* _DATASET EXCERPT_:
▼▼▼

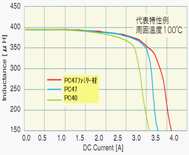 圖3:PC47材質(zhì)的飽和電流大于普通材質(zhì)PC40
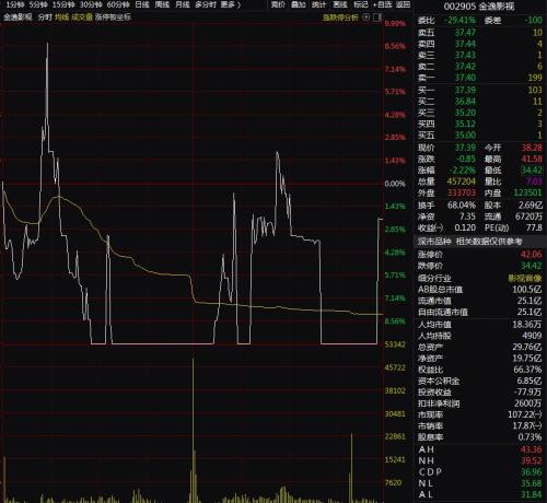 今日A股下跌,跌幅不大,盘面上也是乏善可陈。不过一只个股的“夸张表演”成为了市场最大的明星,它就是金逸影视(行情002905,诊股)。打开金逸影视的K线图,
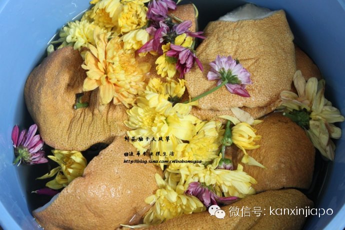 滿月時的大風草柚子皮鮮花水,柚子皮是提前曬幹的,再用熱水煮,鮮花放在上面點綴。
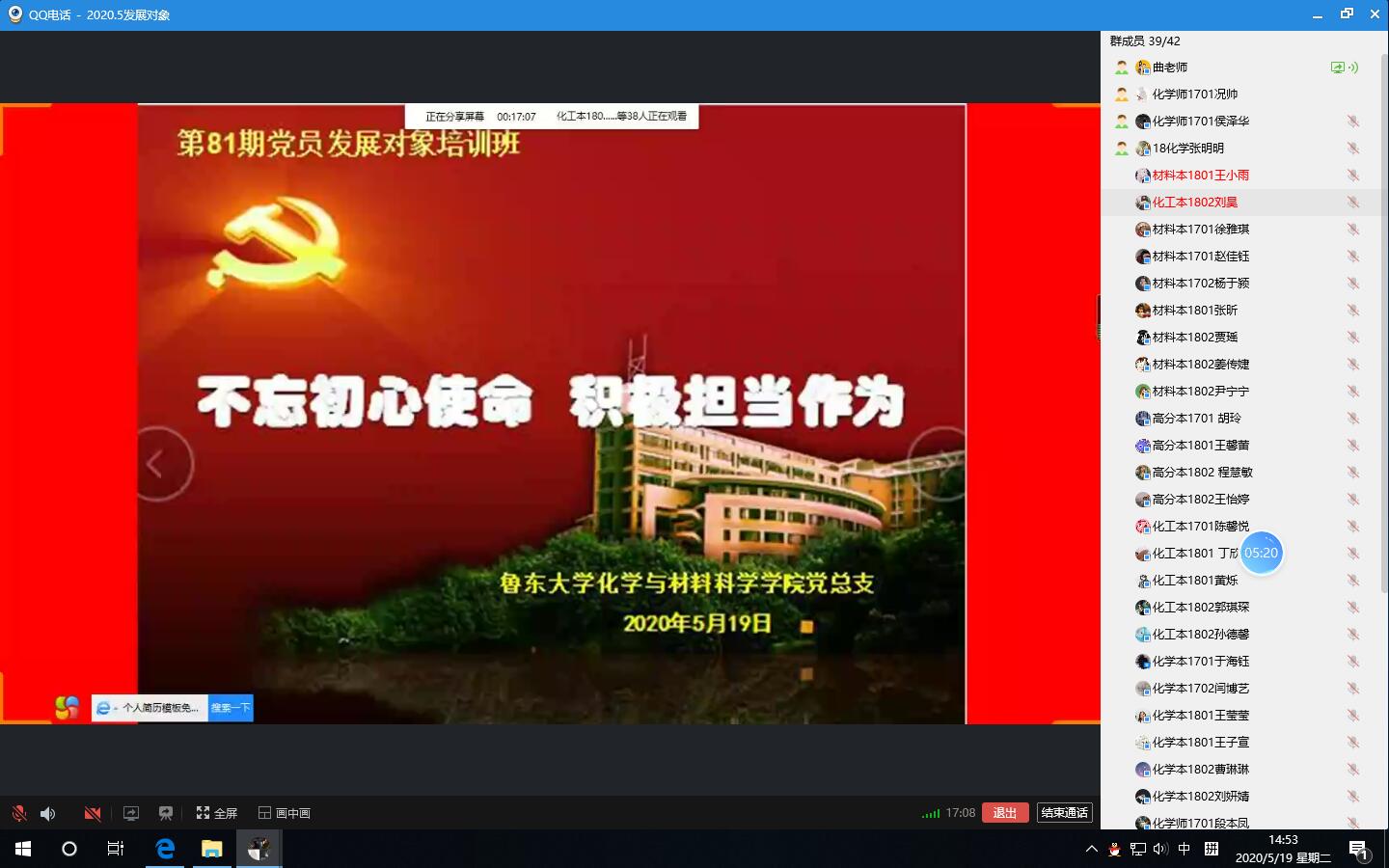 5月19日下午第81期分党校培训班依托qq群课堂举行《不忘初心使命,积极担当作为》专题党课,党总支书记于兆玲主讲。

▲▲▲

* _WHAT TO DO_: Only the pictures stay behind; everything else in the data above is to be retyped exactly.

* _WRITTEN SOLUTION_:
 圖3:PC47材質(zhì)的飽和電流大于普通材質(zhì)PC40
 今日A股下跌,跌幅不大,盘面上也是乏善可陈。不过一只个股的“夸张表演”成为了市场最大的明星,它就是金逸影视(行情002905,诊股)。打开金逸影视的K线图,
 滿月時的大風草柚子皮鮮花水,柚子皮是提前曬幹的,再用熱水煮,鮮花放在上面點綴。
 5月19日下午第81期分党校培训班依托qq群课堂举行《不忘初心使命,积极担当作为》专题党课,党总支书记于兆玲主讲。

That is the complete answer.